The case was brought by 12 Nigerian plaintiffs against Royal Dutch Shell headquartered in the Netherlands. The Nigerians, who were granted asylum and are now living in the U.S., claimed that Shell aided and abetted human rights violations in Nigeria between 1992 and 1995. They sought to sue the corporation under the Alien Tort Statute (ATS), a federal law that allows foreigners to bring lawsuits in U.S. federal court for violations of human rights law.
But Wednesday the Court barred the suit from going forward.
Chief Justice John Roberts wrote, “The question here is not whether petitioners have stated a proper claim under the ATS, but whether a claim may reach conduct occurring in the territory of a foreign sovereign.”
Roberts wrote that in the Nigerians’ case that “all the relevant conduct took place outside the United States.”
“And even where the claims touch and concern the territory of the United States, they must do so with sufficient force to displace the presumption against extraterritorial application, ” he wrote.
“Corporations are often present in many countries, and it would reach too far to say that mere corporate presence suffices.”
Jonathan Hafetz, a professor of law at Seton Hall University School of Law, said that Wednesday’s decision “says that unless there is a sufficiently strong nexus to the United States, the ATS can’t be used to enforce human rights violations.”
For the last 30 years, human rights groups had used the ATS to hold human rights violators accountable to their victims.
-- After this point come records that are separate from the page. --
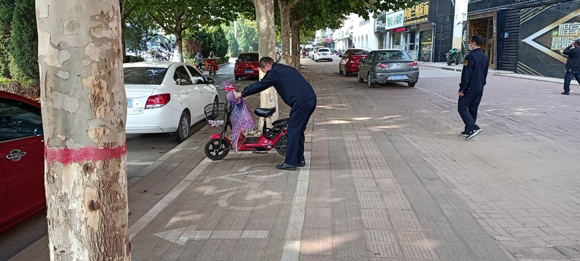 在发放倡议书的基础上,县城管执法局执法人员联合热心群众先行对违停非机动车进行了规范引导,帮助居民将将非机动车按序停放。为起到提醒作用,执法人员在每辆违停非机动车辆粘贴了温馨提示卡,提示其自觉将非机动车停放在指定区域内。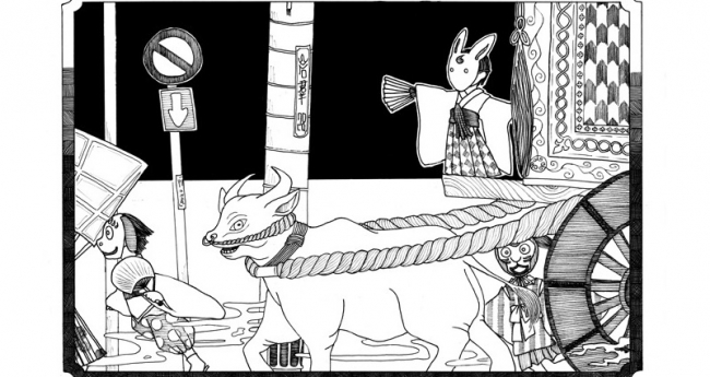 『描人同盟』に寄稿させていただきました作品です。テーマは神様でした。扇子、団扇、渋団扇など、『煽ぐ』ものを持ち寄っていることが印象に残る絵にしたいと思いました。そしてそこから猿の面をつけている子が持っているものを想像していただきたいとも。
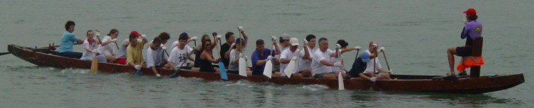 Tijdens de jaarlijkse Dragonboat Race in Dicovery Bay heeft voor het eerst ook een volledig Nederlands team meegedaan. Drie maanden van te voren zijn we daarvoor begonnen te trainen, door de week met rennen, zwemmen en gewichten, tijdens het weekend met de boot. Het is daardoor een leuk team geworden, met ook veel gezamenlijke sociale activiteiten. Uiteindelijk zijn we op de derde plaats beland (van 25 deelnemende teams), en daar waren we erg tevreden mee.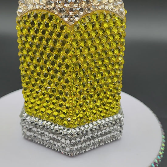 This hand made 3D printed adorable pencil shaped pencil holder, hand painted and then hand placed high quality glass rhinestones one at a time.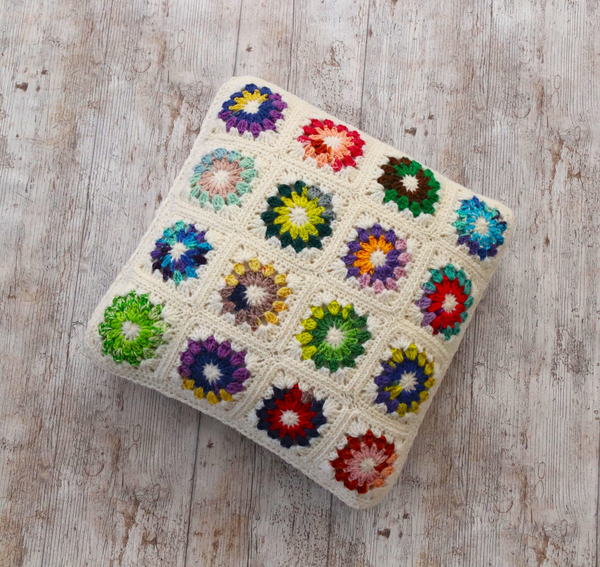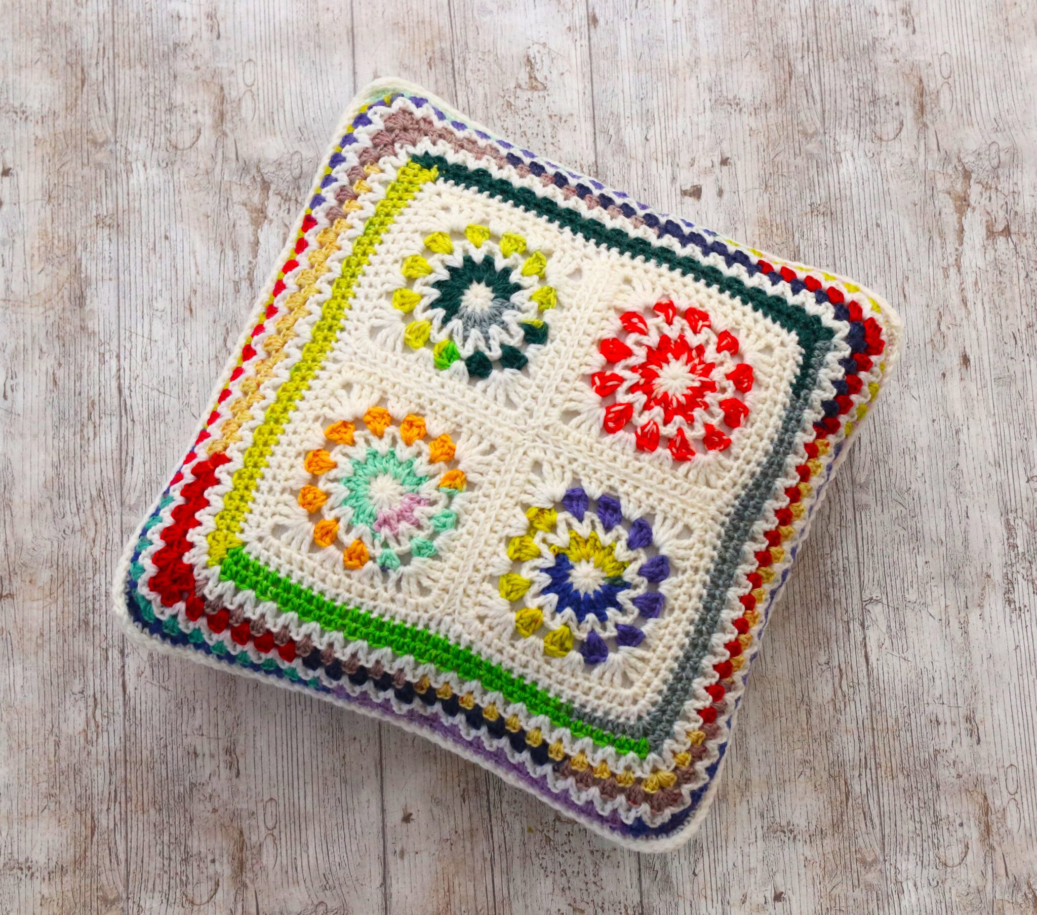 Tyynynpäällinen jämälangoista syntyy kivasti, kun yhdistät värikkääseen kokonaisuuteen jonkin selkeän neutraalin värin, kuten valkoisen tai harmaan. Virkkaa paljon pieniä tilkkuja tai aloita muutamalla tilkulla tyynynpäällisen keskustasta. 😊 Tässä ohjeet saman tyynyn molemmille puolille.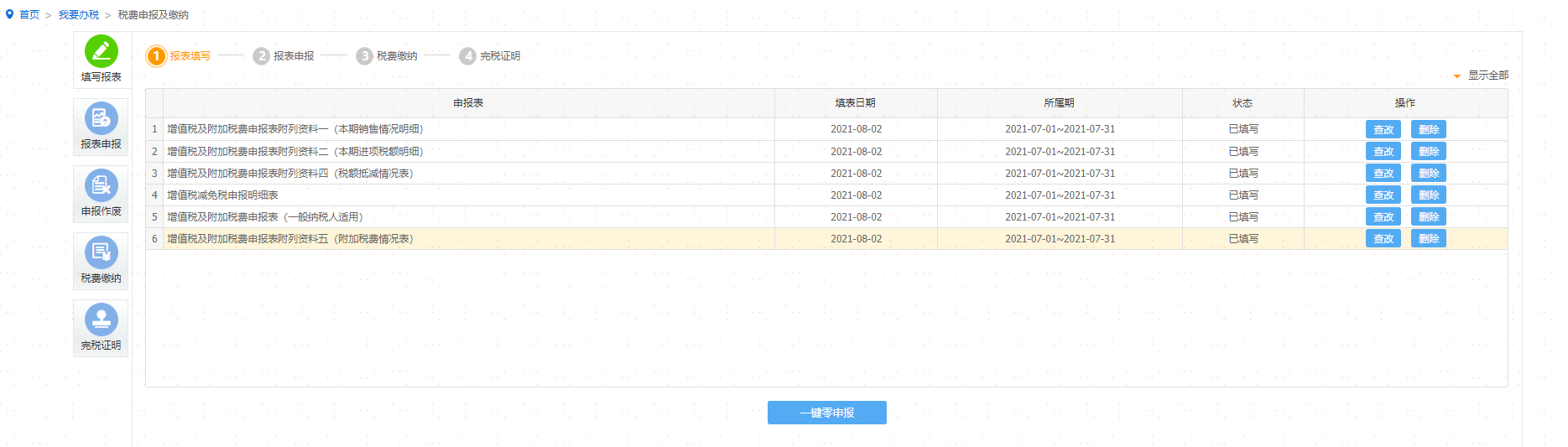 8.依次将推送的申报表填写完成并保存后,申报表后面对应功能发生调整,出现“查改”和“删除”按钮,点击“查改”按钮可对相应的申报表进行修改,点击“删除”按钮可将对应的报表删除后重新填写。

Several groups criticized Wednesday’s decision.
“This decision so severely limited a law that has for decades been a beacon of hope for victims of gross human rights violations. The United States has been a leader in the fight against impunity, but this decision cuts a hole into the web of accountability,” said Human Rights First’s president, Elisa Massimino, in a statement. “Human rights abusers may be rejoicing today, but this is a major setback for their victims, who often look to the United States for justice when all else fails,” she said.
Hafetz says the message that Wednesday’s decision sends is that “human rights advocates can no longer rely in the same way on U.S. Courts to remedy human rights abuses that occur in a foreign country.”
Peter Rees, Shell’s legal director, reacted to the decision in a statement: “In our view, the Court has reached the right decision. Shell remains firmly committed to supporting fundamental human rights in line with the legitimate role of business, and I want to make clear that we deny, in the strongest possible terms, the allegations made by the plaintiffs in this tragic case. Today’s decision doesn’t weaken the human rights of people around the world; it makes it clear that the Alien Tort Statute does not provide a means for claims to be brought in the U.S. which have nothing to do with the U.S.”
The decision was praised by the U.S. Chamber of Commerce. “The U.S. Supreme Court’s decision today ensures that trial lawyers cannot continue to use the American judicial system to expose global businesses to frivolous and costly lawsuits,” said Thomas J. Donohue, president and CEO of the U.S. Chamber. “Today’s decision helps to ensure that America will continue to be an attractive place to do business and removes barriers for companies looking to do business throughout the world.”
Paul Hoffman, the lead counsel for the Nigerian petitioners, said Wednesday, “We are deeply disappointed on behalf of our clients and their case in the Court’s decision.” He called the opinion a “terrible blow to our clients after a very long search for justice.”
Roberts was joined by Justice Antonin Scalia, Anthony Kennedy, Clarence Thomas and Samuel Alito. Kennedy and Alito also wrote separately. Justice Stephen Breyer, joined by the liberals on the Court (Ruth Bader Ginsburg, Elena Kagan and Sonia Sotomayor), wrote an opinion agreeing with the Court’s judgment to bar the suit from going forward, but not in the Court’s reasoning.
“I would not invoke the presumption against extraterritoriality,” Breyer wrote. He said he would find jurisdiction under the ATS when the conduct occurs on American soil, the defendant is an American national, or the defendant’s conduct “substantially and adversely affects an important American national interest.” Breyer wrote, “That includes a distinct interest in preventing the United States from becoming a safe harbor” for a torturer.
Hoffman said that it is “much less clear” what the decision means for the future. “From reading all the opinions, the Court is still uncertain to the extent of claims that arise outside the United States.”
Hoffman pointed to a concurrence written by Justice Anthony Kennedy. “My sense is that what Justice Kennedy was saying is that he hasn’t made up his mind about where he would draw the line.” Hoffman noted that there are several similar ATS cases pending across the country.
“The cases involving U.S. corporations are going to be the strongest cases to survive this ruling,” said Hoffman. “The cases that are going to have more difficulty will be cases involving foreign corporations and cases involving corporations with less connection to the United States.”